We couldn’t travel far while Margaret’s father was alive, I replied, as I had done previously. No, but that couldn’t be forever. Francis was set on the plan, more set than when he first introduced it. It would be good for his married children and their families. It would be good for ours – Charles, Francis said, would be mysteriously asking to have the house to himself and leaving us to guess whom he was bringing there.
He was so active, so determined to get me into the sunshine, that I was almost persuaded. It might be pleasant as we all became old. But I held on enough not to make the final promise. I wasn’t as hospitable as Francis, nor anything like as fond of movement. Anyway, now the plan had crystallised, I didn’t doubt that he would carry it through, whether I joined in or not. It had started as a scheme largely for my sake: but also Francis, decisive and executive as ever, was carving out a pattern for his old age.
BEFORE evening, the room was smelling of flowers and whisky. The flowers were due, in the main, to Azik Schiff, who hadn’t come to visit me himself but whose response to physical ailments was to provide a lavish display of horticulture.
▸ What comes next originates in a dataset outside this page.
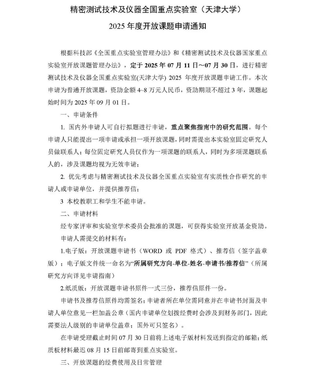 来信投稿:海上风力发电装备与风能高效利用全国重点实验室2025年开放课题申报指南 截止日期:7月20日 一、海上风力发电装备与风能高效利用全国重点实验室简介 海上风力发电装备与风能高效利用全国重点实验室为当前我国风电领域唯一获准建设的全国重点实验室,实验室依托湖南兴蓝风电有限公司、湘潭电机股份有限公司和湖南大学,在能源技术革命和实现“双碳”目标的重要历史机遇期,围绕风力发电“海洋化、规模化、数智化”带来的技术变革,致力于打破国外对我国风电装备领域理论、设计、制造、试验、运行等“卡脖子”禁锢,破解高端风电技术装备对外依存度高的瓶颈,打造我国高端海上大功率风电装备与风能高效利用技术策源地和高水平人才聚集地。 为充分发挥全国重点实验室科研平台的作用,促进科研合作和学术交流,实验室按照“开放、联合、流动、竞争”的运行机制,根据《海上风力发电装备与风能高效利用全国重点实验室开放课题管理办法》设立开放课题,以促进相关学科的相互交叉和集成。热忱欢迎和邀请相关领域的国内外科研人员与实验室人员进行合作研究,共同推动我国海上风力发电装备与风能高效利用领域的科学与技术的发展。现发布2025年开放研究课题申请指南如下: 二、申请人资格 开放课题面向国内外相关研究领域的高等院校、科研机构和企业等非本全重实验室依托单位研究人员。申请人原则上应具有博士学位或高级及以上技术职称,特殊情况须由实验室主任审定。 三、开放课题重点资助研究方向 1.大功率海上风电机组基础理论与关键技术研究 (1)大功率海上风电机组全过程能量传递协同作用理论; (2)大型海上风电机组系统集成及高可靠设计制造技术; (3)大型海上风电机组关键材料及核心部件技术; (4)大型风电机组关键参数的新型测量技术; (5)大型风电机组仿真设计与试验验证技术。 2.智能化风电场集群关键技术研究 (1)大规模风电场集群多域协同的梯次演进理论与设计方法; (2)风电机群虚拟现实与数字孪生技术; (3)风电机群全寿命周期健康预测与智能管理技术; (4)风电机群服役效能评估与调控关键技术。 3.风能高效利用关键技术研究 (1)新型风能高效能量转换理论与装备; (2)基于海上风力发电的多能源高效融合技术; (3)面向新型电力系统的风电机组友好并/组网关键技术; (4)复杂/灾害环境下风电机组适应性技术。 四、申请要求和程序 1.项目执行期和资助金额 2025年设立开放课题15项,执行期原则上不超过2年,资助金额不高于20万元/项。 2.申请程序 (1)开放课题实行申请人和本室合作人共同负责制。为了保障开放课题顺利执行,每项开放课题至少有一名实验室固定研究人员作为课题合作人; (2)申请人根据申请指南中的研究内容,自行选择课题,在申请截止时间(2025年7月20日)之前填写并提交《2025年度海上风力发电装备与风能高效利用全国重点实验室开放课题申请书》(附件1)及电子版; (3)申请书先由全重实验室综合管理部进行初审,符合申请要求的课题由全重实验室组织专家进行会议评审。根据评审结果,经由全重实验室主任批准课题资助决定,全重实验室综合管理部及时向申请人及其所在单位发布立项通知。 四、项目管理和验收要求 (1)课题负责人及主要研究人员应按照开放课题任务书组织开展研究,每半年向全重实验室提交项目工作简报,并及时提交相关成果。如发现原研究计划执行不力或不能实现时,全重实验室有权调整、暂停或撤销资助; (2)开放课题所产生的研究成果由全重实验室与课题负责人所在单位共享; (3)与开放课题相关的论文、专著、专利、软件、图纸等成果,均应注明“海上风力发电装备与风能高效利用全国重点实验室开放课题项目”和课题编号,未按要求标注的成果,检查、验收均时不予承认。课题组成员发表论文、专利与软件著作权等应按照开放课题协议要求对作者单位进行标注; (4)在项目结题后,可择优遴选一部分绩效评价为“优秀”的项目,给予滚动支持。 五、联系方式 附件下载及实验室网址链接:https://yldlcdyxxfdjs.hnu.edu.cn/lxwm/kfkt.htm 联系人:吕铭晟、肖华林、张大功 邮编:411102 电话:0731-88822461 电子邮箱:HFSKL@qq.com;xiaohualin@hewp.com.cn;zdg@xemc.com.cn; 半导体显示材料与芯片重点实验室开放课题申请指南(2025) 截止日期:无 依托中国科学院苏州纳米技术与纳米仿生研究所组建的半导体显示材料与芯片重点实验室2024年获批成立,聚焦半导体显示材料缺陷密度高、芯片能效低等基础科学问题,开展关键材料、核心器件与集成芯片的创新研究,突破高质量材料生长与高性能芯片制备的关键技术,集聚一批由战略科学家、青年学术带头人等组成的科技创新队伍,目标产出一批原创性科技成果,推动科技成果的转移转化,着力建设成半导体显示材料与芯片领域创新高地。 重点实验室秉持“开放、联合、流动、竞争”的运行机制,鼓励相关学科的相互结合与促进,设立开放课题,热忱欢迎和邀请半导体显示材料与芯片领域的国内外优秀科研人员、科研团队与实验室开展合作研究。 一、资助领域 1、高质量半导体光电材料 GaN基和GaAs基III-V族化合物半导体材料外延生长与测试表征 2、高能效红绿蓝微纳光电器件 GaN基和GaAs基化合物半导体微纳光电器件(红绿蓝高效Micro-LED、半导体边发射与面发

More flowers than they’d ever seen sent, said the nurses, and my credit rose in consequence. Though I could have done without the hyacinths which, since my nose was sensitive to begin with and had been made more so by blindness, gave me a headache, the only malaise of the day.
As for the whisky, that had been drunk before lunch by Hector Rose and his wife and after tea by Margaret and a visitor who hadn’t been invited, my nephew Pat. When Margaret was sitting beside my chair and she was reading me the morning’s letters, there were footsteps, male footsteps, that I didn’t recognise. But I did recognise a stiffening in Margaret’s voice as she said good afternoon.
‘Hallo, Aunt Meg. Hallo, Uncle Lew. Good to see you up. That’s better, isn’t it, that really is better.’
It was a situation in which, given enough nerve, he was bound to win. Whatever he didn’t have, he had enough nerve. Though he might have been slandering Margaret and her children, she couldn’t raise a quarrel in a hospital bedroom. And he was reckoning that I was quite incapacitated. There he might have been wrong: but as usual in Pat’s presence, I didn’t want to say what a juster man might have said. Margaret stayed silent: and I was reduced to asking Pat how he had heard about me.
‘Well-known invalid, of course.’
‘No,’ I said, ‘we’ve kept it very quiet. On purpose.’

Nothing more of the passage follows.